Dataset entries
^^^^^^^^

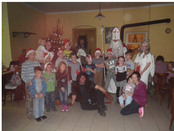
Mikulášská nadílka pro malé i větší děti

V hostinci U Potužáků proběhla mikulášská nadílka pro děti malé i ty větší. Celý podvečer proběhl i přes řádění čertíků ve veselé a přátelské atmosféře. Mikulášovi a jeho družině děkujeme.
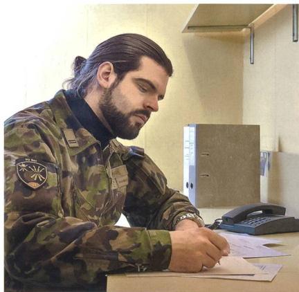
Ein Sprachspezialist-Offizier analysiert im Führungsraum der Einsatzzentrale Aussagen aus Befragungsprotokollen einer Übung und beurteilt die Glaubhaftigkeit der Aussagen.

Die Schweizer Armee verfügt mit den Ssp Of über eine spezielle Ressource, die sie bei Bedarf zum Schutz der eigenen Truppen und der Bevölkerung einsetzen kann. ■
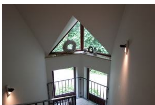
Das Treppenhaus im Haus Neshörn
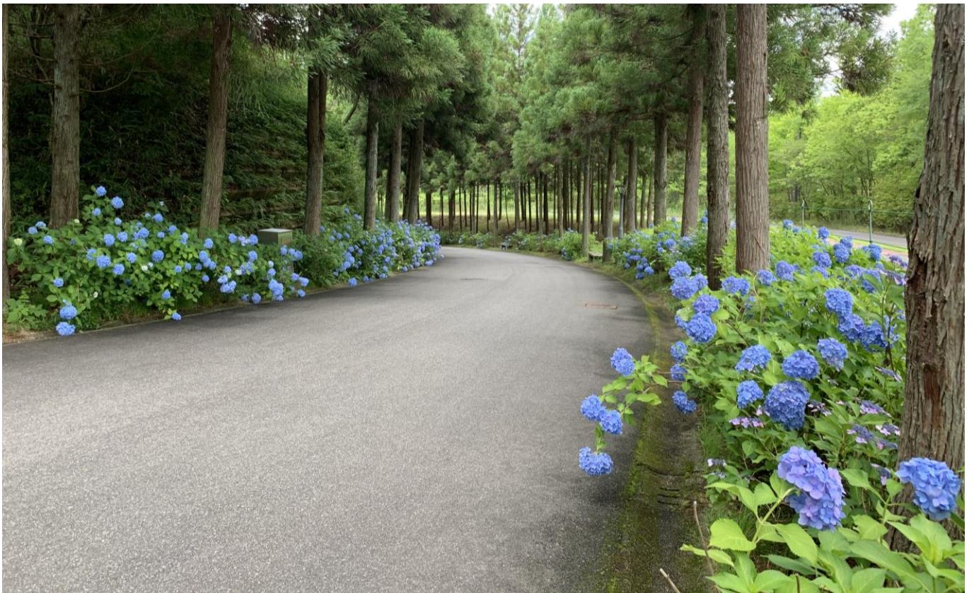
杉並木「アジサイ」の様子（2019年6月28日撮影）
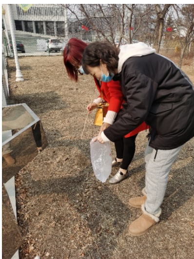
党员志愿者捡拾垃圾缩影二
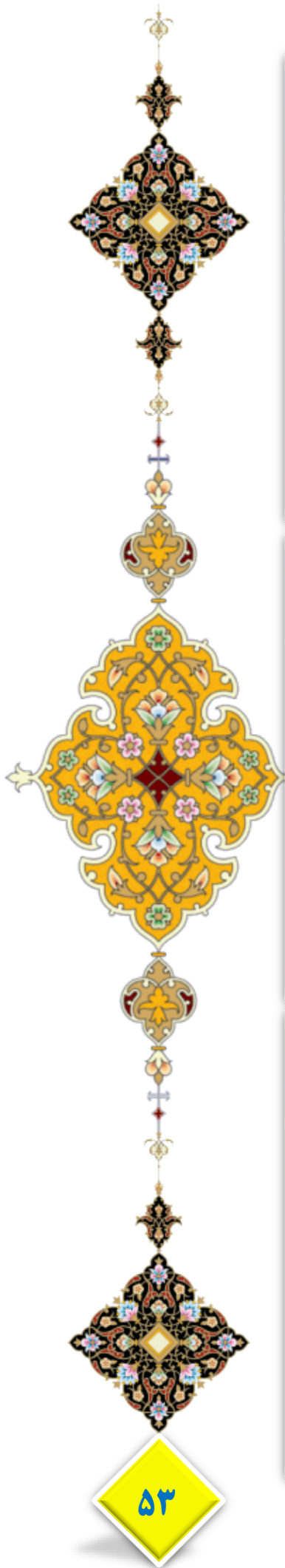
هفته نامه سفارت جمهوری اسلامی ایران در واتیکان
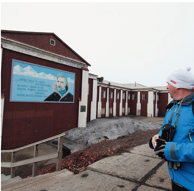
Søndag var det fridag og styret valgte da å tilbringe dagen på båten Polar Girl. Turen gikk til den Russiske byen Barentsburg. Nyttig og lærerik opplevelse.

–Grunnen er at de som planlegger ofte glemmer «oss» og vi blir avspist med dårlige løsninger. Vi vil komme med en veileder med anbefalinger for planleggere og beslutningstagere. Vi vurderer også kurs for planleggere og beslutningstagere, men har ikke helt funnet formen her ennå, sier han. Disse tingene er viktig for arbeidsmiljøet, for disse yrkesgruppene. Standard må inneholde både dagens og framtidens krav, mener Berg.
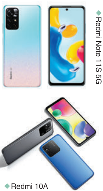
◆Redmi Note 11S 5G
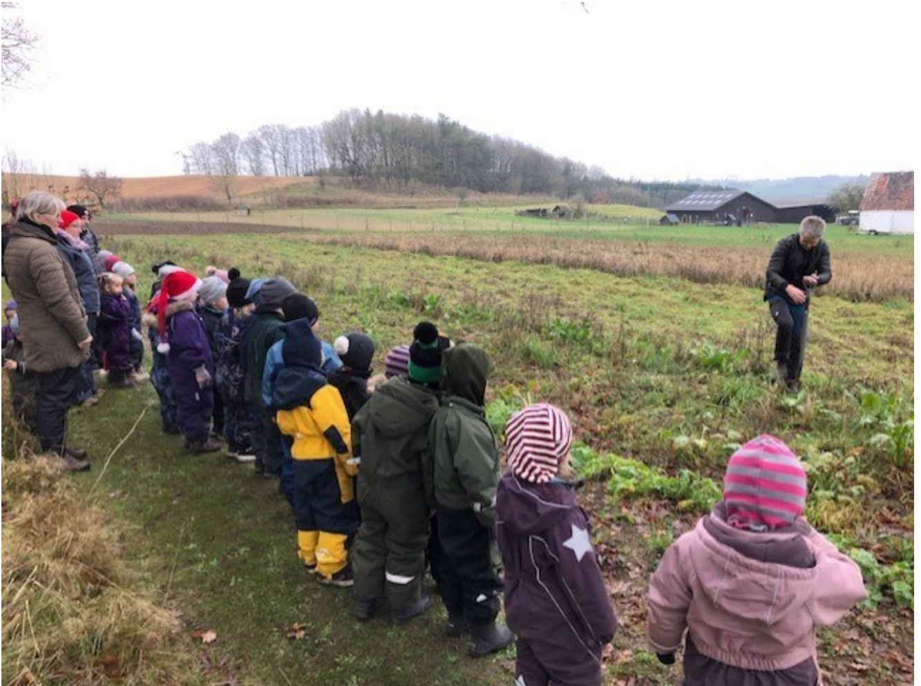
Billede fra Boldrup museum

Vi var her i efteråret på hønseriet og så alle de mange høns. Vi lærte om, hvordan de lagde æg, og mødte de folk, der håndsorterer æggene efter størrelse. Samme uge fik vi æggemadder og pandekage

^^^^^^^^

Write out exactly the lines beginning with the line that holds "Die Schweizer Armee" and ending with the final line of the data, both ends included, without the pictures.

SOLUTION -
Die Schweizer Armee verfügt mit den Ssp Of über eine spezielle Ressource, die sie bei Bedarf zum Schutz der eigenen Truppen und der Bevölkerung einsetzen kann. ■
Das Treppenhaus im Haus Neshörn
杉並木「アジサイ」の様子（2019年6月28日撮影）
党员志愿者捡拾垃圾缩影二
هفته نامه سفارت جمهوری اسلامی ایران در واتیکان
Søndag var det fridag og styret valgte da å tilbringe dagen på båten Polar Girl. Turen gikk til den Russiske byen Barentsburg. Nyttig og lærerik opplevelse.

–Grunnen er at de som planlegger ofte glemmer «oss» og vi blir avspist med dårlige løsninger. Vi vil komme med en veileder med anbefalinger for planleggere og beslutningstagere. Vi vurderer også kurs for planleggere og beslutningstagere, men har ikke helt funnet formen her ennå, sier han. Disse tingene er viktig for arbeidsmiljøet, for disse yrkesgruppene. Standard må inneholde både dagens og framtidens krav, mener Berg.
◆Redmi Note 11S 5G
Billede fra Boldrup museum

Vi var her i efteråret på hønseriet og så alle de mange høns. Vi lærte om, hvordan de lagde æg, og mødte de folk, der håndsorterer æggene efter størrelse. Samme uge fik vi æggemadder og pandekage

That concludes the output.